== Input ==

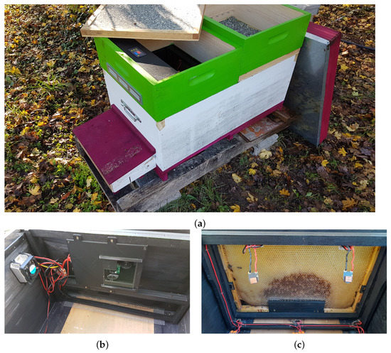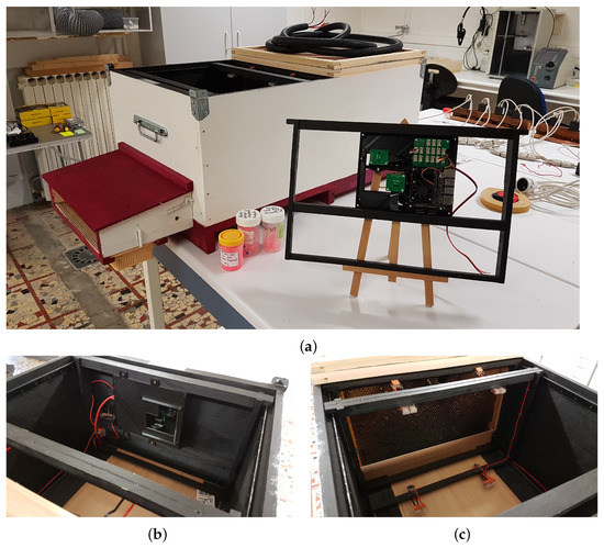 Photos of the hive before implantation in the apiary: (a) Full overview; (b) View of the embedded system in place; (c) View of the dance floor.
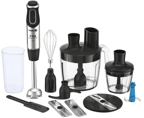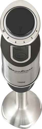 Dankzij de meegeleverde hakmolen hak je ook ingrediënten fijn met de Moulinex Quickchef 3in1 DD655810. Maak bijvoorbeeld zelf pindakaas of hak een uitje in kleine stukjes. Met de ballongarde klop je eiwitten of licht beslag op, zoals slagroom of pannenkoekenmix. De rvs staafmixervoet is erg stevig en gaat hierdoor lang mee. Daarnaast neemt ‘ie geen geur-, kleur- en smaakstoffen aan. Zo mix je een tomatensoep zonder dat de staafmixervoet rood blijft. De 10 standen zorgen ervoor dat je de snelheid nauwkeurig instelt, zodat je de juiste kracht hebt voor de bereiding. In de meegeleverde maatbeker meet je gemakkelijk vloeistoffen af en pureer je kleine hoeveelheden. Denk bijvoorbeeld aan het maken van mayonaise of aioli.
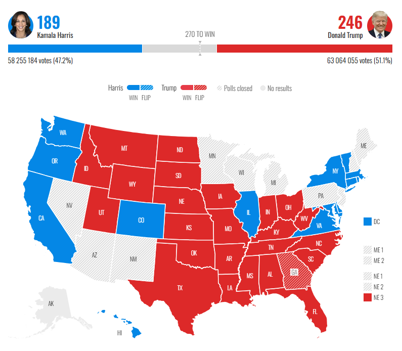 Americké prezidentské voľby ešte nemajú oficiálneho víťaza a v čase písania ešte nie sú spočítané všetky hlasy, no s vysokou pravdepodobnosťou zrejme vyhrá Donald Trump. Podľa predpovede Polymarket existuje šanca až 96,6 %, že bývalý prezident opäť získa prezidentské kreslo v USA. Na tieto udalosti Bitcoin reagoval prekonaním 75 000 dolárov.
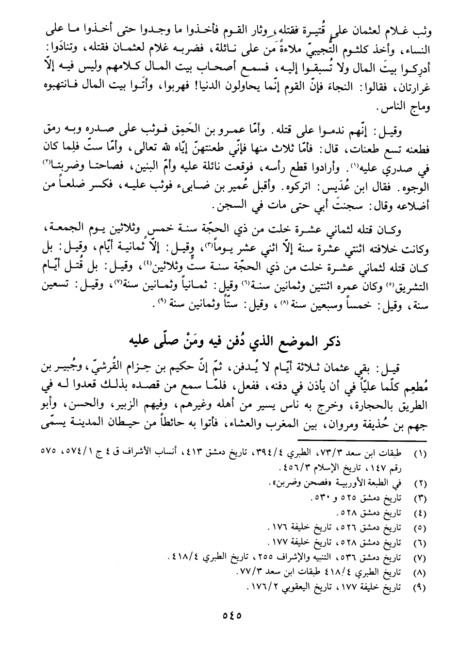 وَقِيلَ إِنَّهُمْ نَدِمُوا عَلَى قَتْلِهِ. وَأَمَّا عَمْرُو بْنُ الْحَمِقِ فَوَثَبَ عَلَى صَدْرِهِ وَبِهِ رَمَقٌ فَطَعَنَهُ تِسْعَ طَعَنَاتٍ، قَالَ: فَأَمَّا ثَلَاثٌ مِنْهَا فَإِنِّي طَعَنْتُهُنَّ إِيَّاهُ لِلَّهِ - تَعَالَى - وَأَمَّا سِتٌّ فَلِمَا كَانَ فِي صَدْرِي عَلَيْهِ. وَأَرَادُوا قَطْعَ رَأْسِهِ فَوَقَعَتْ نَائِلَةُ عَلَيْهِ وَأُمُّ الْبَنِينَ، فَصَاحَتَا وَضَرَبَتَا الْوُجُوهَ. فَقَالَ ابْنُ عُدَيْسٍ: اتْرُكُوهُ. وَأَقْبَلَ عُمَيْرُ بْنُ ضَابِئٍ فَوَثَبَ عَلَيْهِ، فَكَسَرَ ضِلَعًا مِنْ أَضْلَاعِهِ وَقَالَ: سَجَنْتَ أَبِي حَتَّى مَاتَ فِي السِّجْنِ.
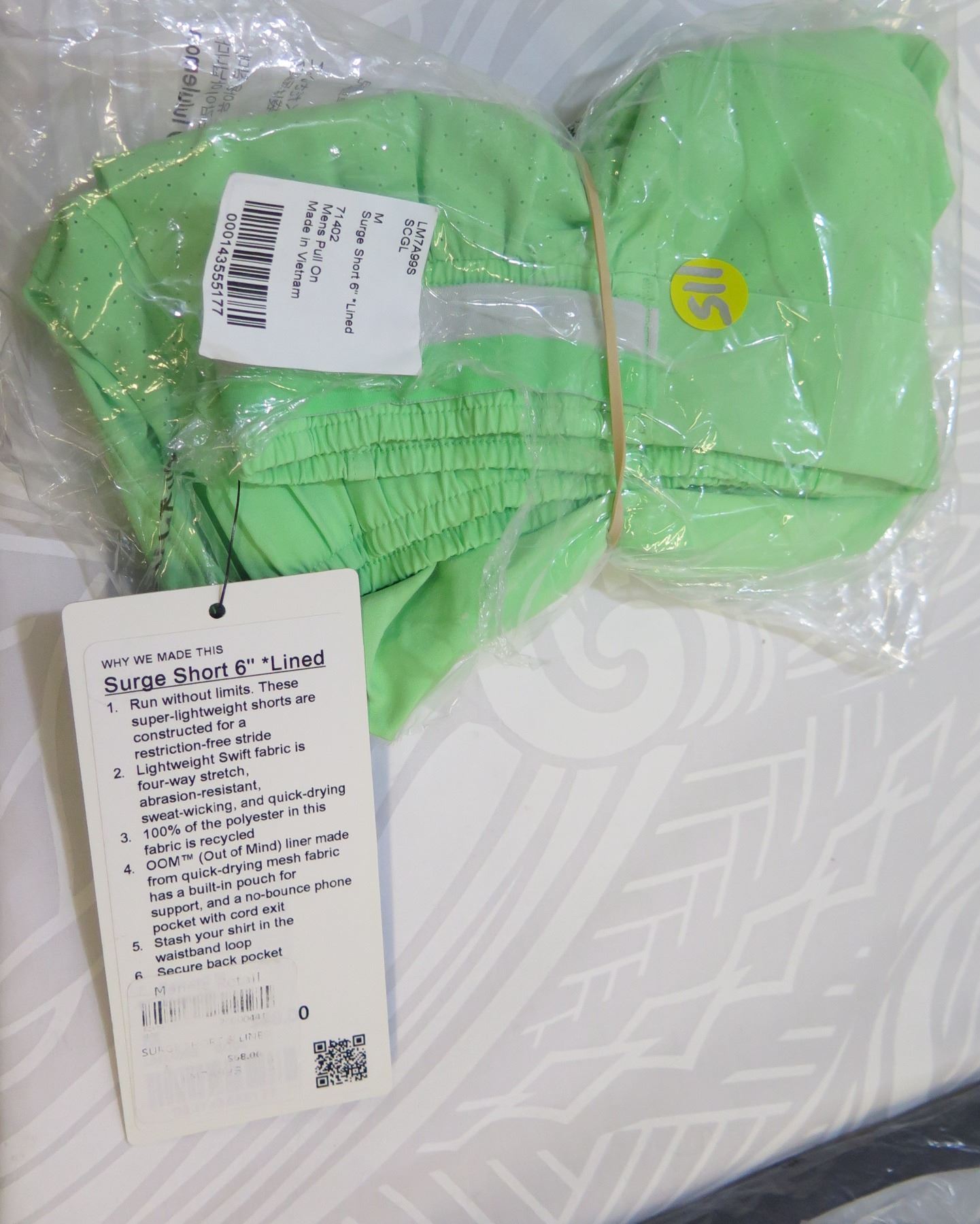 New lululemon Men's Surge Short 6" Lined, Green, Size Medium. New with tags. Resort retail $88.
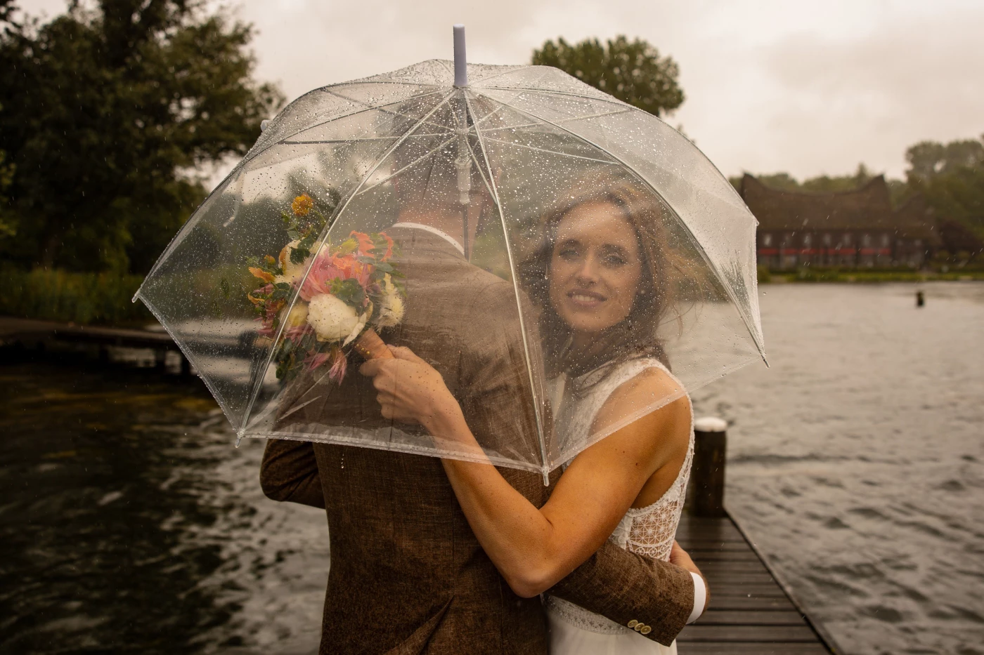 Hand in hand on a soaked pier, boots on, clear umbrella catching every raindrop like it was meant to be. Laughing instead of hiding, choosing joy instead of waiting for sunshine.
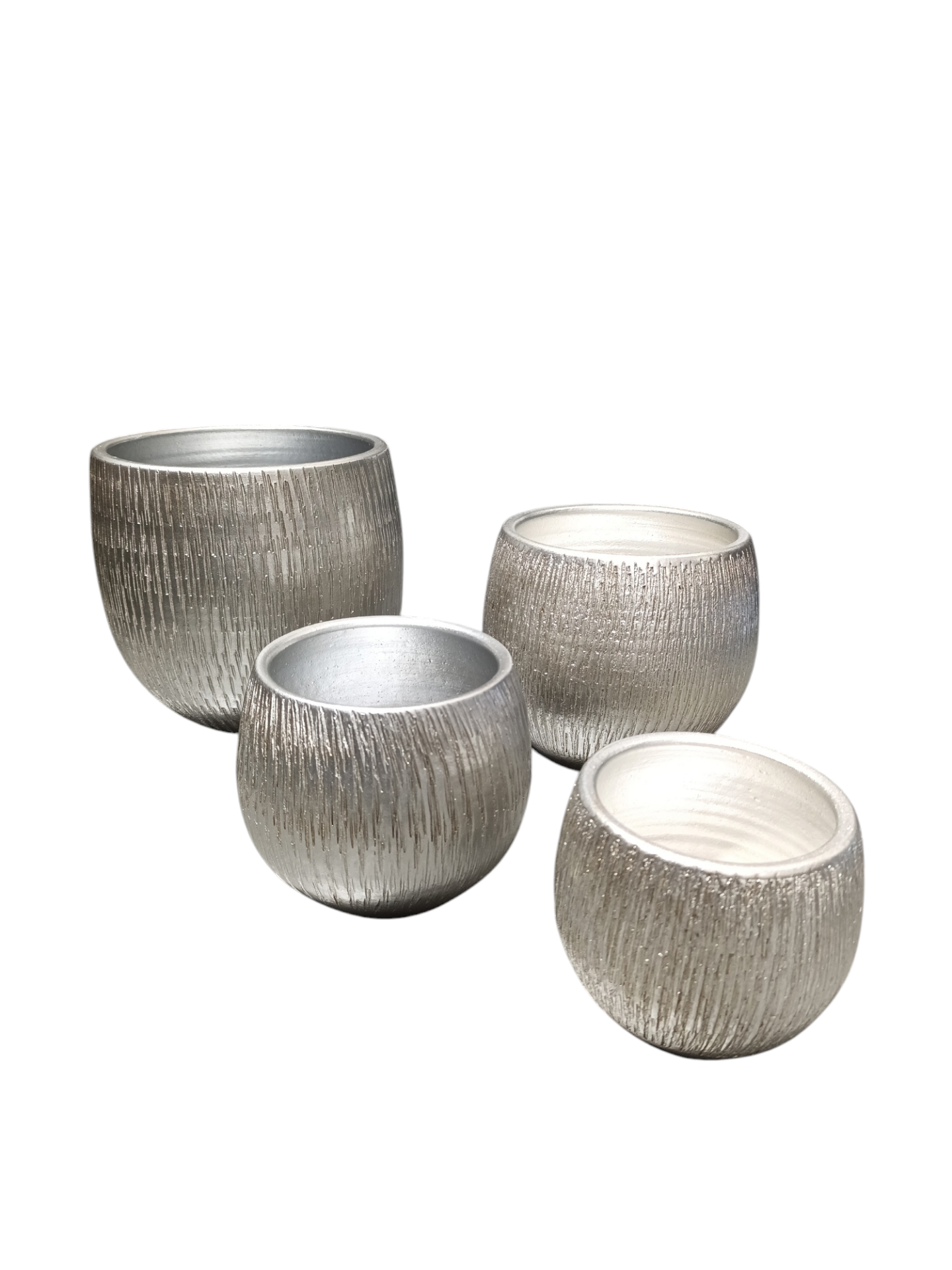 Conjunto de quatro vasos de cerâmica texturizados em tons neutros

===

**To do**
Copy the preceding data in full and word for word, dropping its pictures.

**Your solution**
 Photos of the hive before implantation in the apiary: (a) Full overview; (b) View of the embedded system in place; (c) View of the dance floor.
 Dankzij de meegeleverde hakmolen hak je ook ingrediënten fijn met de Moulinex Quickchef 3in1 DD655810. Maak bijvoorbeeld zelf pindakaas of hak een uitje in kleine stukjes. Met de ballongarde klop je eiwitten of licht beslag op, zoals slagroom of pannenkoekenmix. De rvs staafmixervoet is erg stevig en gaat hierdoor lang mee. Daarnaast neemt ‘ie geen geur-, kleur- en smaakstoffen aan. Zo mix je een tomatensoep zonder dat de staafmixervoet rood blijft. De 10 standen zorgen ervoor dat je de snelheid nauwkeurig instelt, zodat je de juiste kracht hebt voor de bereiding. In de meegeleverde maatbeker meet je gemakkelijk vloeistoffen af en pureer je kleine hoeveelheden. Denk bijvoorbeeld aan het maken van mayonaise of aioli.
 Americké prezidentské voľby ešte nemajú oficiálneho víťaza a v čase písania ešte nie sú spočítané všetky hlasy, no s vysokou pravdepodobnosťou zrejme vyhrá Donald Trump. Podľa predpovede Polymarket existuje šanca až 96,6 %, že bývalý prezident opäť získa prezidentské kreslo v USA. Na tieto udalosti Bitcoin reagoval prekonaním 75 000 dolárov.
 وَقِيلَ إِنَّهُمْ نَدِمُوا عَلَى قَتْلِهِ. وَأَمَّا عَمْرُو بْنُ الْحَمِقِ فَوَثَبَ عَلَى صَدْرِهِ وَبِهِ رَمَقٌ فَطَعَنَهُ تِسْعَ طَعَنَاتٍ، قَالَ: فَأَمَّا ثَلَاثٌ مِنْهَا فَإِنِّي طَعَنْتُهُنَّ إِيَّاهُ لِلَّهِ - تَعَالَى - وَأَمَّا سِتٌّ فَلِمَا كَانَ فِي صَدْرِي عَلَيْهِ. وَأَرَادُوا قَطْعَ رَأْسِهِ فَوَقَعَتْ نَائِلَةُ عَلَيْهِ وَأُمُّ الْبَنِينَ، فَصَاحَتَا وَضَرَبَتَا الْوُجُوهَ. فَقَالَ ابْنُ عُدَيْسٍ: اتْرُكُوهُ. وَأَقْبَلَ عُمَيْرُ بْنُ ضَابِئٍ فَوَثَبَ عَلَيْهِ، فَكَسَرَ ضِلَعًا مِنْ أَضْلَاعِهِ وَقَالَ: سَجَنْتَ أَبِي حَتَّى مَاتَ فِي السِّجْنِ.
 New lululemon Men's Surge Short 6" Lined, Green, Size Medium. New with tags. Resort retail $88.
 Hand in hand on a soaked pier, boots on, clear umbrella catching every raindrop like it was meant to be. Laughing instead of hiding, choosing joy instead of waiting for sunshine.
 Conjunto de quatro vasos de cerâmica texturizados em tons neutros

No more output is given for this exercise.